I have a physics engine that uses AABB testing to detect object collisions and an animation system that does not use linear interpolation. Because of this, my collisions act erratically at times, especially at high speeds. Here is a glaringly obvious problem in my system...
For the sake of demonstration, assume a frame in our animation system lasts 1 second and we are given the following scenario at frame 0.
At frame 1, the collision of the objects will not bet detected, because c1 will have traveled past c2 on the next draw.
Although I'm not using it, I have a bit of a grasp on how linear interpolation works because I have used linear extrapolation in this project in a different context. I'm wondering if linear interpolation will solve the problems I'm experiencing, or if I will need other methods as well.
There is a part of me that is confused about how linear interpolation is used in the context of animation. The idea is that we can achieve smooth animation at low frame rates. In the above scenario, we cannot simply just set c1 to be centered at x=3 in frame 1. In reality, they would have collided somewhere between frame 0 and frame 1. Does linear interpolation automatically take care of this and allow for precise AABB testing? If not, what will it solve and what other methods should I look into to achieve smooth and precise collision detection and animation?
The phenomenon you are experiencing is called tunnelling, and is a problem inherent to discrete collision detection architectures.
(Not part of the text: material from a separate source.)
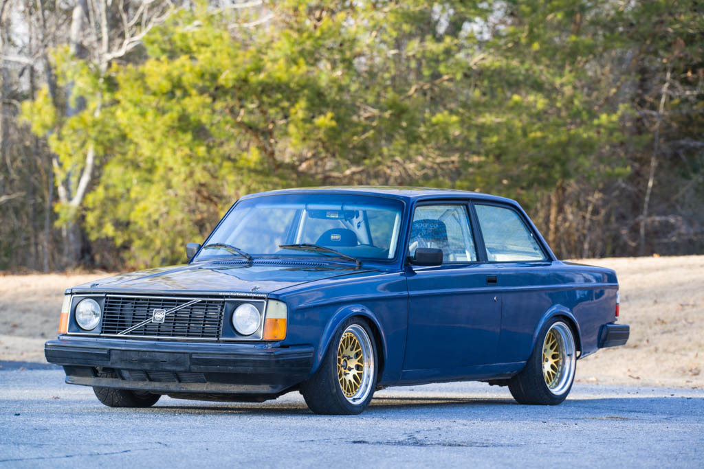 This 1981 Volvo 242 is a highly modified street-legal track car, featuring a powerful B230FT engine stroked to 2.5 liters with a Bullseye Power S256 turbo, delivering 350 wheel horsepower. Originally a DE car, it sports a metallic blue finish, a six-point cage, Sparco and OMP seats, and prepared for drifting with extensive suspension upgrades and brake modifications.

You are correct in feeling that linear interpolation may have something to do with the solution as it can allow you to, within a margin of error (usually), predict the path of an object between frames, but this is just one piece of a much larger solution. The terminology I've seen associated with these types of solutions is "Continuous Collision Detection". The topic is large and gets quite complex, and there are books that discuss it, such as Real Time Collision Detection and other online resources.
So to answer your question: no, linear interpolation on its own won't solve your problems*. Unless you're only dealing with circles or spheres.
What to Start Thinking About
The way the solutions look and behave are dependant on your design decisions and are generally large. So just to point in the direction of the solution, the fundamental idea of continuous collision detection is to figure out: How far between the early frame and the later frame does the collision happen, and in what position and rotation are the two objects at this point. Then you must calculate the configuration the objects will be in at the later frame time in response to this. Things get very interesting addressing these problems for anything other than circles in two dimensions.
I haven't implemented this but I've seen described a solution where you march the two candidates forward between the frames, advancing their position with linear interpolation and their orientation with spherical linear interpolation and checking with discrete algorithms whether they're intersecting (Gilbert-Johnson-Keerthi Algorithm). From here you continue to apply discrete algorithms to get the smallest penetration depth (Expanding Polytope Algorithm) and pass that and the remaining time between the frames, along to a solver to get how the objects look at your later frame time. This doesn't give an analytic answer but I don't have knowledge of an analytic answer for generalized 2 or 3D cases.
If you don't want to go down this path, your best weapon in the fight against complexity is assumptions: If you can assume your high velocity objects can be represented as a point things get easier, if you can assume the orientation of the objects doesn't matter (circles, spheres) things get easier, and it keeps going and going. The topic is beyond interesting and I'm still on the path of learning it, but it has provided some of the most satisfying moments in my programming period. I hope these ideas get you on that path as well.
Edit: Since you specified you're working on a billiard game.
First we'll check whether discrete or continuous is needed
Is any amount of tunnelling acceptable in this game? Not in billiards
no.
What is the speed at which we will see tunnelling? Using a 0.0285m
radius for the ball (standard American) and a 0.01s physics step, we
get 2.85m/s as the minimum speed that collisions start giving bad
response. I'm not familiar with the speed of billiard balls but that
number feels too low.
So just checking on every frame if two of the balls are intersecting is not enough, but we don't need to go completely continuous. If we use interpolation to subdivide each frame we can increase the velocity needed to create incorrect behaviour: With 2 subdivisions we get 5.7m/s, which is still low; 3 subdivisions gives us 8.55m/s, which seems reasonable; and 4 gives us 11.4m/s which feels higher than I imagine billiard balls are moving. So how do we accomplish this?
Discrete Collisions with Frame Subdivisions using Linear Interpolation
Using subdivisions is expensive so it's worth putting time into candidate detection to use it only where needed. This is another problem with a bunch of fun solutions, and unfortunately out of scope of the question.
So you have two candidate circles which will very probably collide between the current frame and the next frame. So in pseudo code the algorithm looks like:
dt = 0.01
subdivisions = 4
circle1.next_position = circle1.position + (circle1.velocity * dt)
circle2.next_position = circle2.position + (circle2.velocity * dt)
for i from 0 to subdivisions:
temp_c1.position = interpolate(circle1.position, circle1.next_position, (i + 1) / subdivisions)
temp_c2.position = interpolate(circle2.position, circle2.next_position, (i + 1) / subdivisions)
if intersecting(temp_c1, temp_c2):
intersection confirmed
no intersection
Where the interpolate signature is interpolate(start, end, alpha)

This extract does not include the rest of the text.